● Records excerpted from a collection
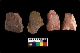 | Description / विवरण | There are n-4 of intact utilized flakes made up of Chert. Some of them have bulge of percussion, some are flat flakes and few are retouched. |
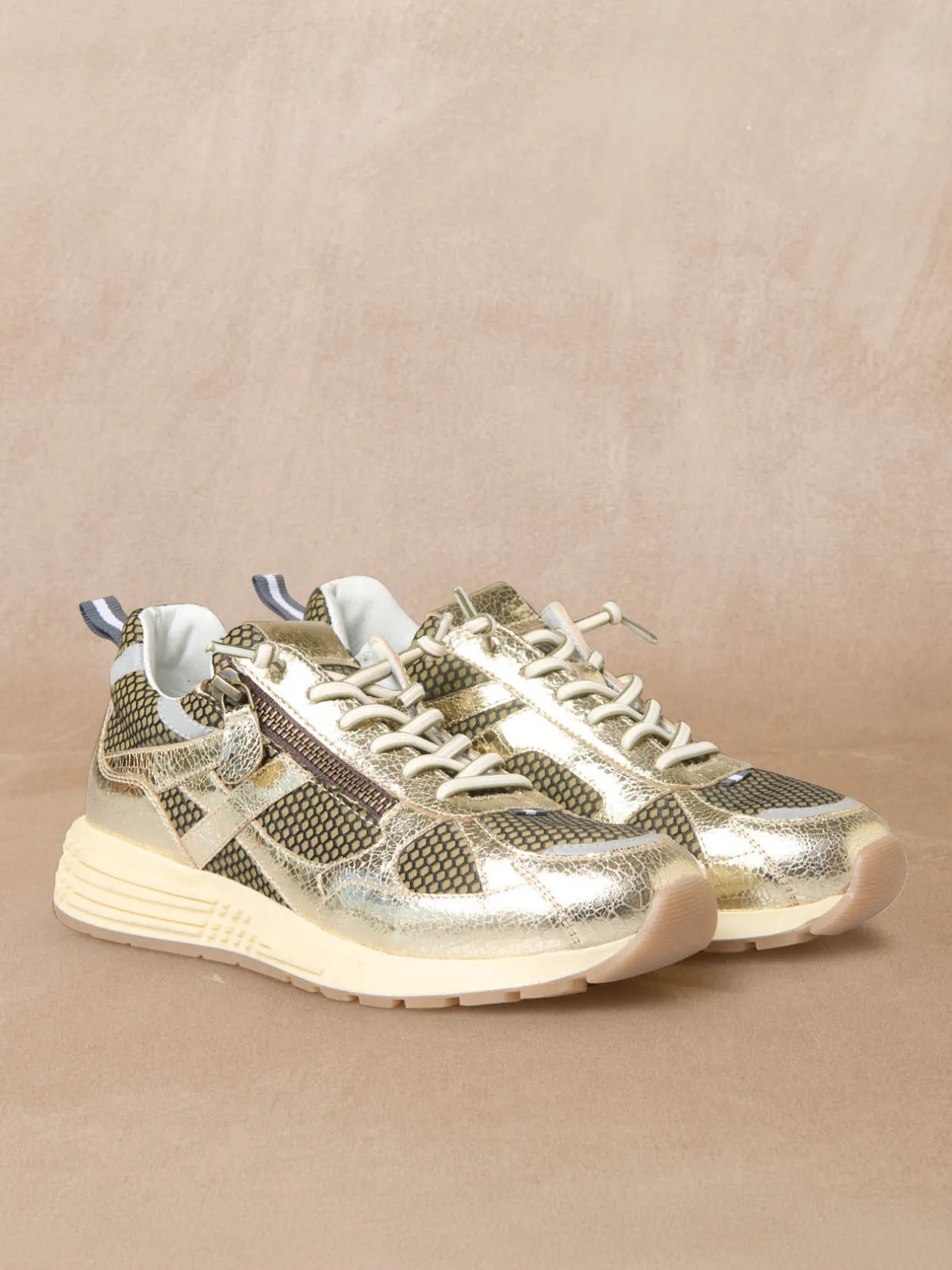 Et si vous aviez la brillante idée d’apporter une touche de peps à votre look ? Alors c’est le moment de chausser ces jolies baskets dorées signées PEDICONFORT®. Zippées, elles s’enfilent en un clin d’oeil.
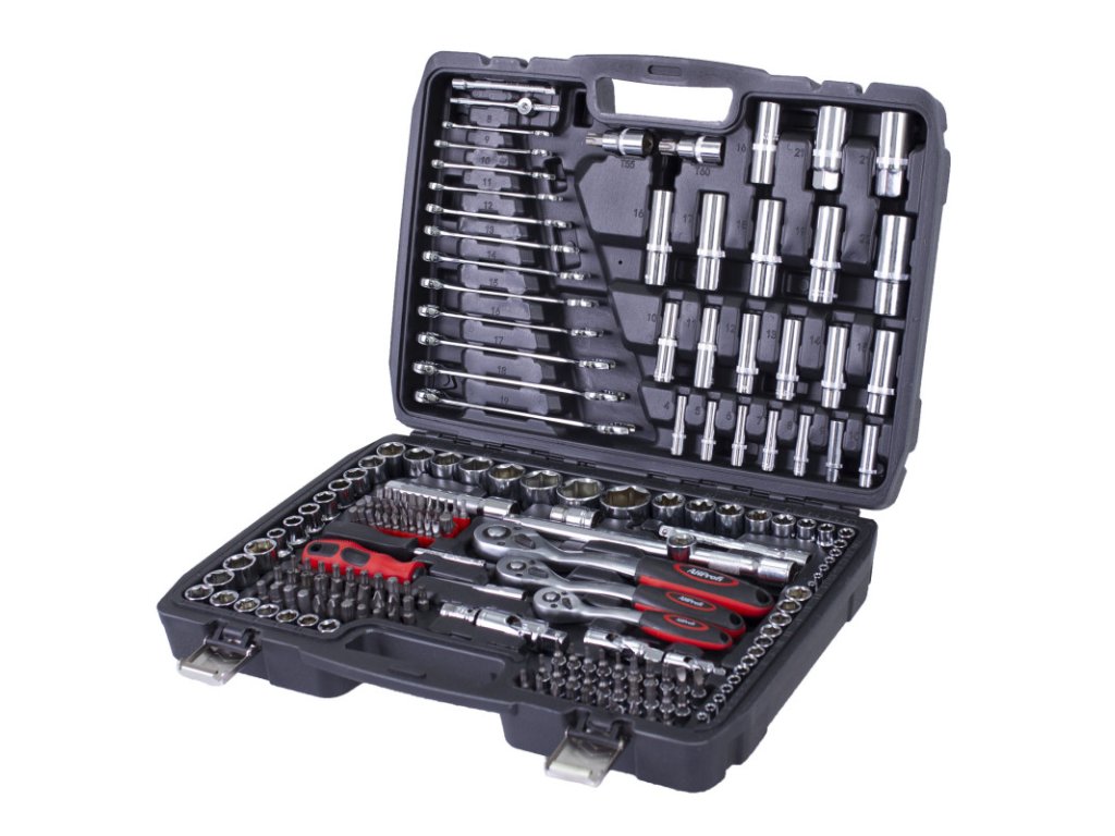 Sada nářadí v kufru s golou je vhodná do každé dílny. Gola sada obsahuje všechny tři běžně potřebné ráčny, tedy ¼", 3/8" a ½" a k nim odpovídající příslušenství v podobě klasických nástrčných klíčů, navíc prodloužených ořechů, nástrčné klíče na svíčky, hlavice s bity, očkoploché klíče apod. (viz podrobný popis). Všechny tři ráčny mají jemný krok 72 zubů pro přesnou práci i v omezeném prostoru.
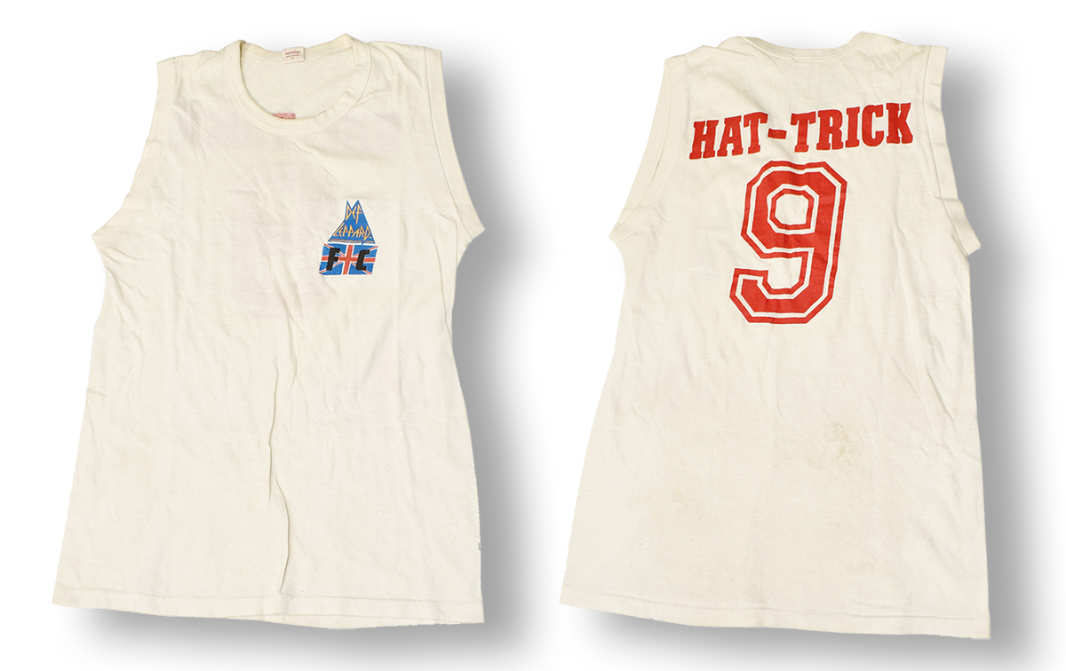 Joe Elliot's Def Leppard sleeveless Pyromania-era football shirt. The blue and yellow Def Leppard logo is on the breast atop a Union Jack flag and the initials FC. "Hat-Trick" (Joe's nickname because he scored three goals in a soccer match every time they played) and the number 9 are printed on the back (Joe played center forward). This sporty shirt was clearly well-loved, and shows signs of wear. From the collection of Def Leppard.
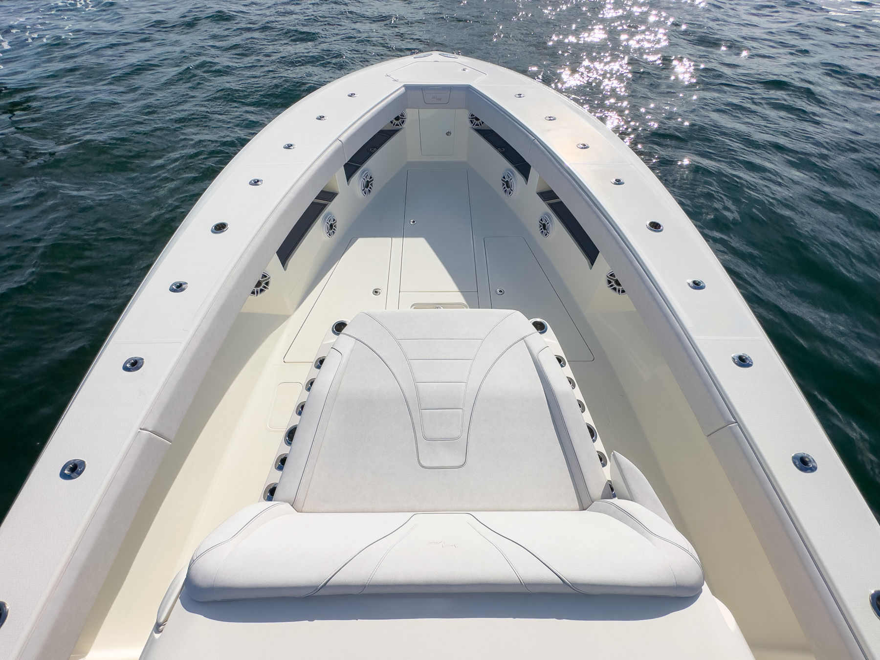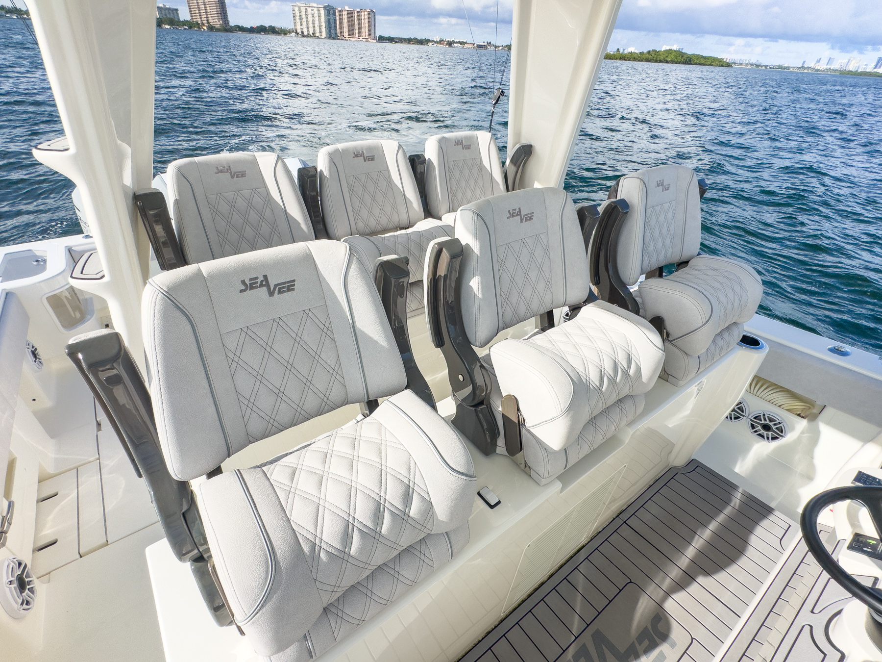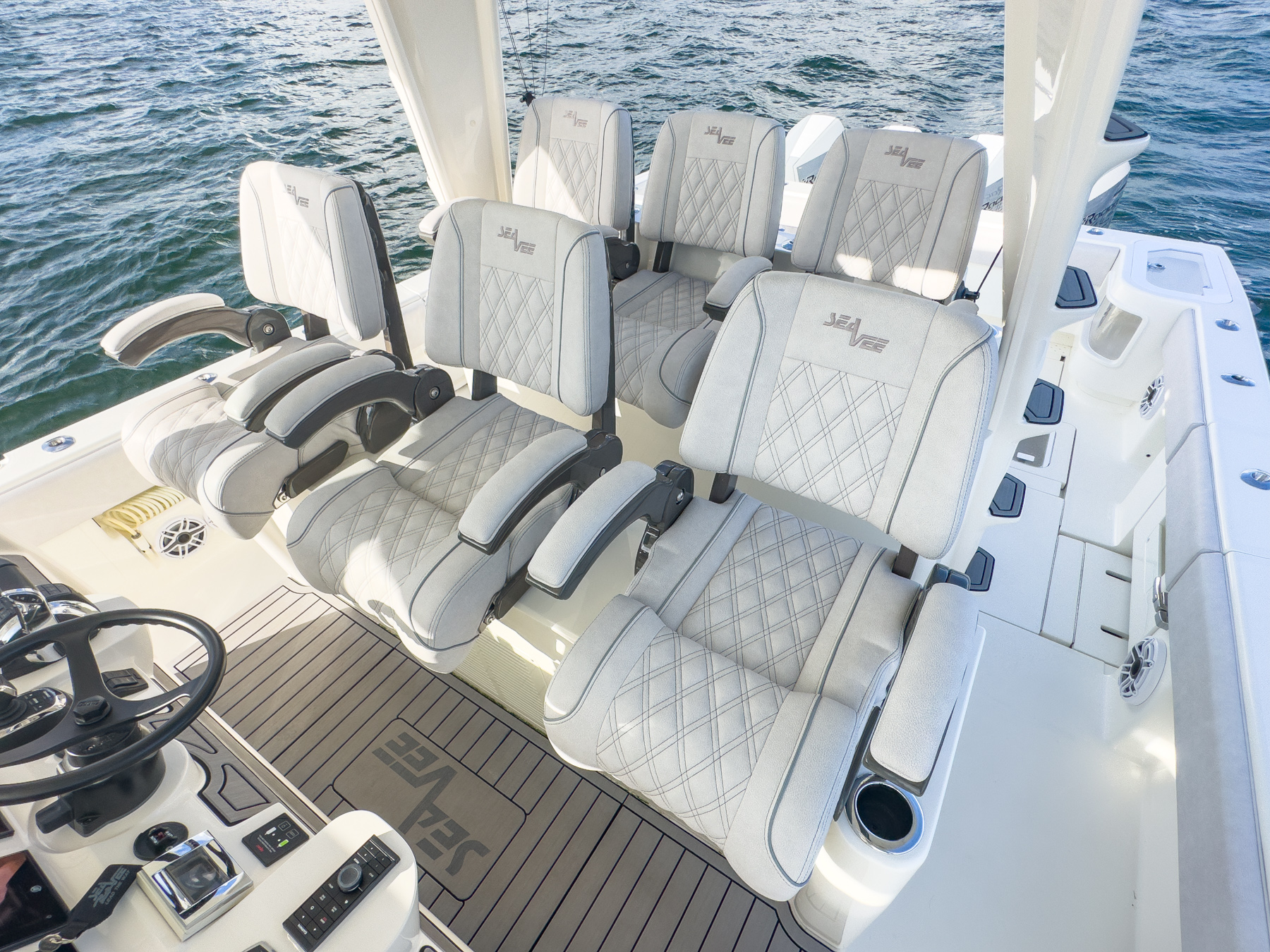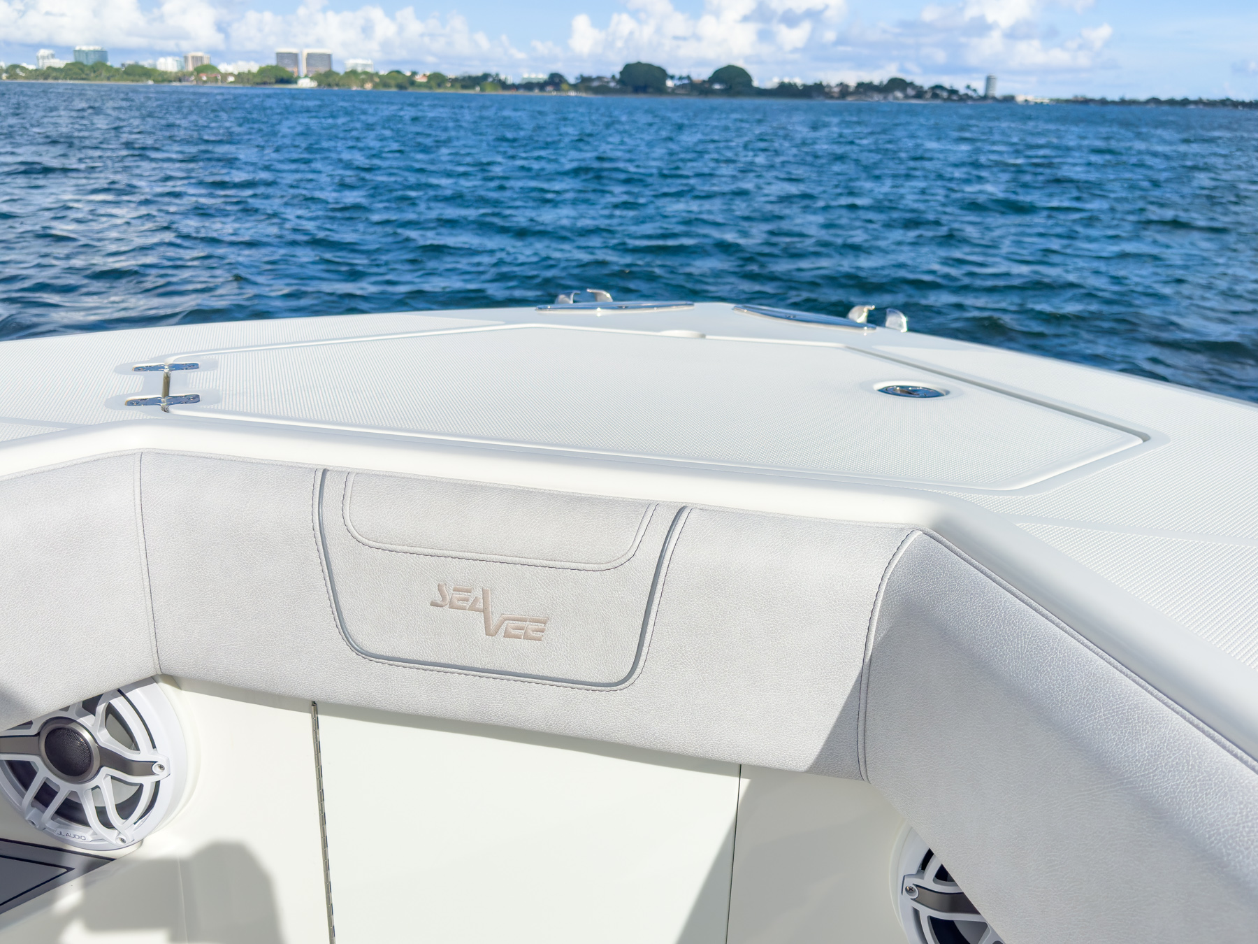 The 450z features SeaVee’s award winning twin stepped, cross-ventilated hull with patented SpeedRail® technology. Multiple lifting bodies with unique geometry ensure a fixed trim angle throughout a wide range of speeds. That’s a fancy way of saying you always have a clear view of the horizon, maximum fuel efficiency, more speed and safe predicable handling when making hard turns.

● The problem
Would you copy all of the data exactly? Keep the pictures out of it.

● Output of the exercise
 | Description / विवरण | There are n-4 of intact utilized flakes made up of Chert. Some of them have bulge of percussion, some are flat flakes and few are retouched. |
 Et si vous aviez la brillante idée d’apporter une touche de peps à votre look ? Alors c’est le moment de chausser ces jolies baskets dorées signées PEDICONFORT®. Zippées, elles s’enfilent en un clin d’oeil.
 Sada nářadí v kufru s golou je vhodná do každé dílny. Gola sada obsahuje všechny tři běžně potřebné ráčny, tedy ¼", 3/8" a ½" a k nim odpovídající příslušenství v podobě klasických nástrčných klíčů, navíc prodloužených ořechů, nástrčné klíče na svíčky, hlavice s bity, očkoploché klíče apod. (viz podrobný popis). Všechny tři ráčny mají jemný krok 72 zubů pro přesnou práci i v omezeném prostoru.
 Joe Elliot's Def Leppard sleeveless Pyromania-era football shirt. The blue and yellow Def Leppard logo is on the breast atop a Union Jack flag and the initials FC. "Hat-Trick" (Joe's nickname because he scored three goals in a soccer match every time they played) and the number 9 are printed on the back (Joe played center forward). This sporty shirt was clearly well-loved, and shows signs of wear. From the collection of Def Leppard.
 The 450z features SeaVee’s award winning twin stepped, cross-ventilated hull with patented SpeedRail® technology. Multiple lifting bodies with unique geometry ensure a fixed trim angle throughout a wide range of speeds. That’s a fancy way of saying you always have a clear view of the horizon, maximum fuel efficiency, more speed and safe predicable handling when making hard turns.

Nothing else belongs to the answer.